4th Sunday of Eastertide 2017




 4th. Sunday of Eastertide (A)
(Acts 2:14, 36-41; 1st. Peter 2:20-25; John 10:1-10)


People of God, there was something of particular interest for us in today’s reading taken from the first letter of St. Peter sent:

To God's elect, strangers in the world, scattered throughout Pontus, Galatia, Cappadocia, Asia and Bithynia. (NIV)

Those places form part of what we now know as modern Turkey and touch also upon those mountain areas where the Kurds today are trying to find a home and a national identity for themselves.  Now, those Christians to whom Peter was writing were only recent converts and Peter was seeking to encourage, strengthen, and to guide them in the ways of Christ, and I want you to note how he sets about it:

What credit is it if, when you are beaten for your faults, you take it patiently? But when you do good and suffer, if you take it patiently, this is commendable before God.   For to this you were called, because Christ also suffered for us, leaving us an example, that you should follow His steps.

Such was the way the early Church was built up: Christians were taught and encouraged to face up to the difficulties of their personal situation with their eyes firmly fixed on the historic Person of Christ Who suffered and died to redeem us from the sin which is in the world and of the world.  In such teaching Peter was being absolutely faithful to Jesus Who said to His disciples (John 15:19): 

If you were of the world, the world would love its own. Yet because you are not of the world, but I chose you out of the world, therefore the world hates you.
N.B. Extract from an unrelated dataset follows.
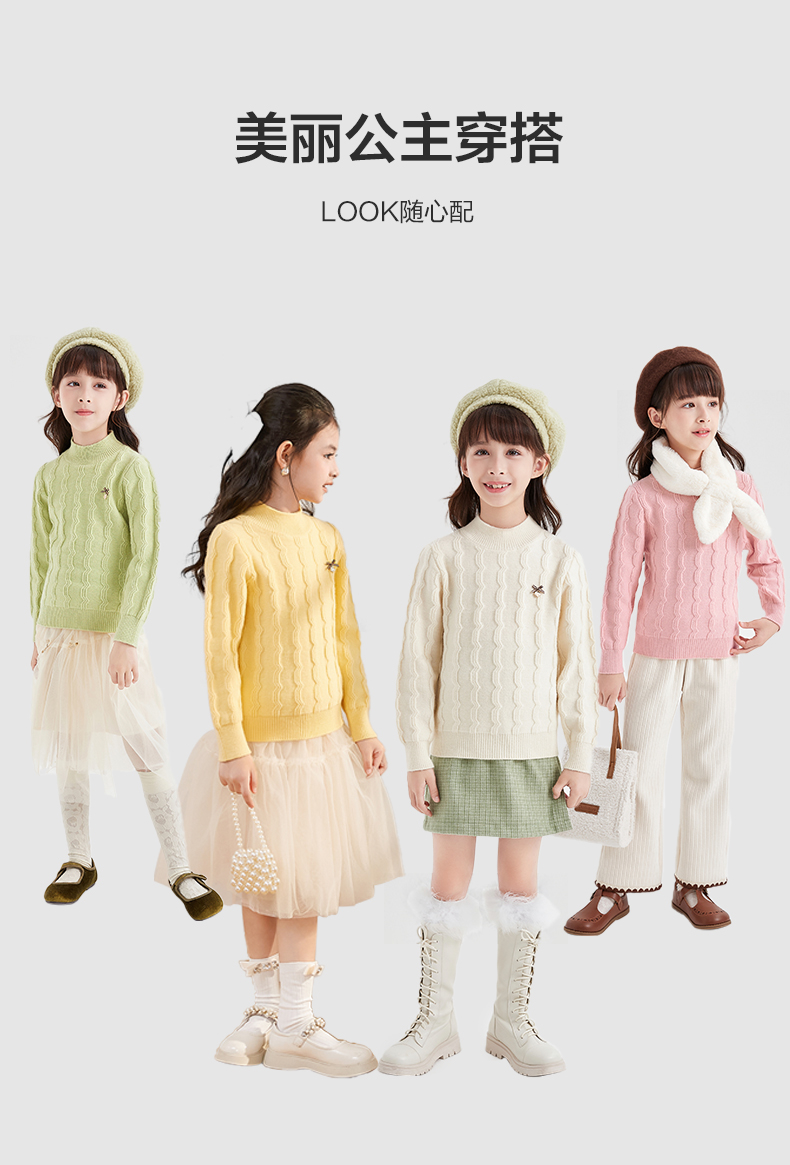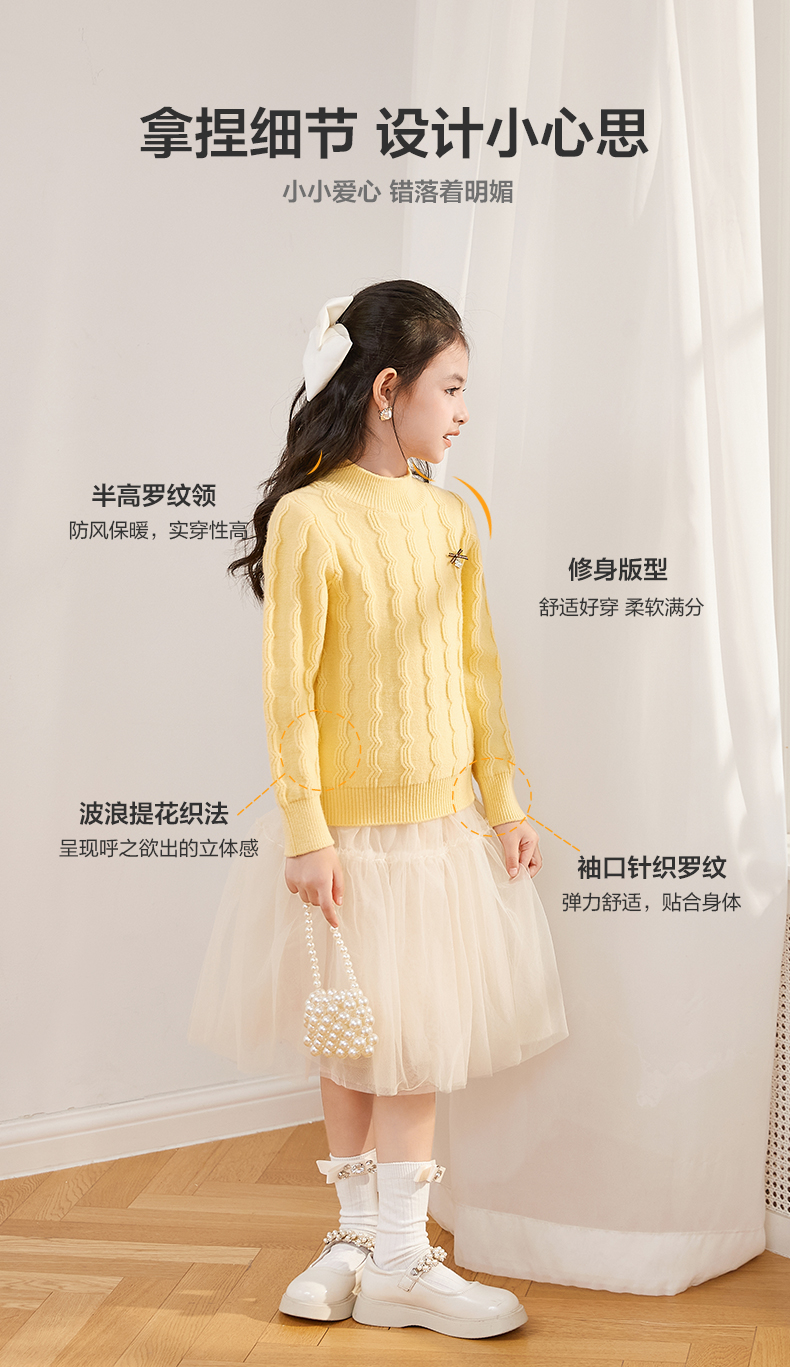 笛莎Deesha 童装女童毛衣2023冬季新款中大童时尚针织毛衣

Isn’t it strange then, that in response to today’s world-wide persecution of millions of Catholics and Christians who are suffering not only pain, great distress and loss, but even most violent death, we hear few Church messages of whole-hearted Christian support, encouragement, and guidance -- not merely human sympathy -- for those thus suffering, in comparison with sometimes controversial messages for others with moral difficulties and personal problems.
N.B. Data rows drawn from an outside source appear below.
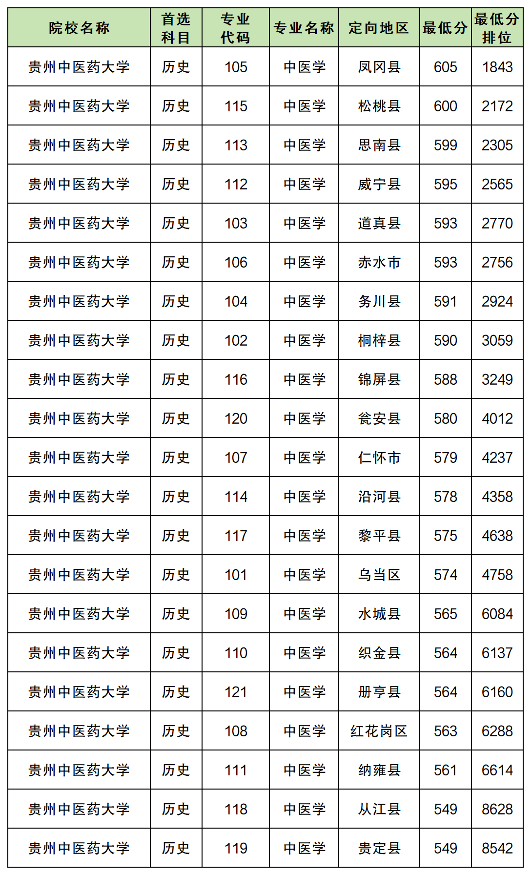历史组分数较低的是贵州中医药大学(定向地区:贵定县、从江县),最低分549分。
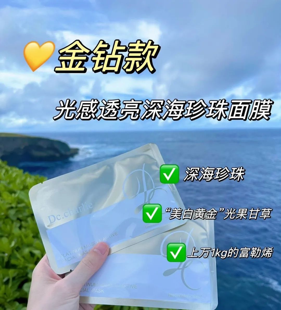 金钻款:深海珍珠亮白面膜:多通路焕白,植萃舒缓,内源性抑黑!
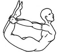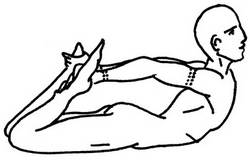 On finishing the asana, put your feet behind your head and slowly (vertebra by vertebra) lower your back and feet to the floor.
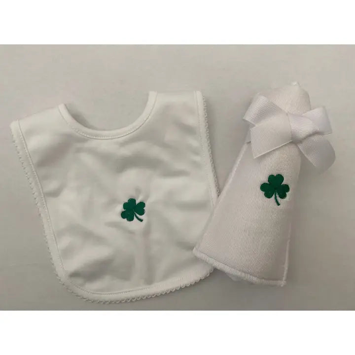 This sweet pima cotton bib and burp cloth set features cute shamrock design. Great for a gift!
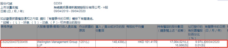 智通财经APP获悉,联交所最新资料显示,4月6日,Wellington Mgt减持药明康德(02359)14.0438万股,每股作价101.4170港元,总金额约为1424.28万港元。减持后最新持股数目约为1700.40万股,最新持股比例为9.97%。
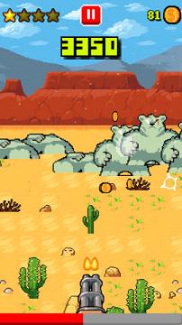 《一击牛仔安卓版》是一款复古像素风格的射击手游,游戏中玩家化身为一个西部牛仔,你的武器就是一把左轮手枪,你必须一击必杀,不然强盗们可不会对你心慈手软。击杀强盗后可获得金币,金币能用来强化属性和购买各种武器。

The nascent Church knew her place, she preached and gladly poured out her blood to preach Christ our Saviour and Redeemer that all might hear the Good News He brings; it was God alone, as she well knew, Who persuaded people; and those He chose, He gave to Jesus:

          No one can come to Me unless the Father Who sent Me draw him. (John 6:44)

Our first reading gave faithful Peter’s presentation of Jesus’ teaching:

Repent and be baptized, every one of you, in the name of Jesus Christ for the forgiveness of your sins; and you will receive the Gift of the Holy Spirit.  For the promise is made to you and to your children and to all those far off, whomever our God will call.

Today the Church’s message too often seems directed not to seriously and zealously preaching Jesus as Lord and Saviour -- the Christ -- so much as rather pathetically trying to persuade people to come to Church!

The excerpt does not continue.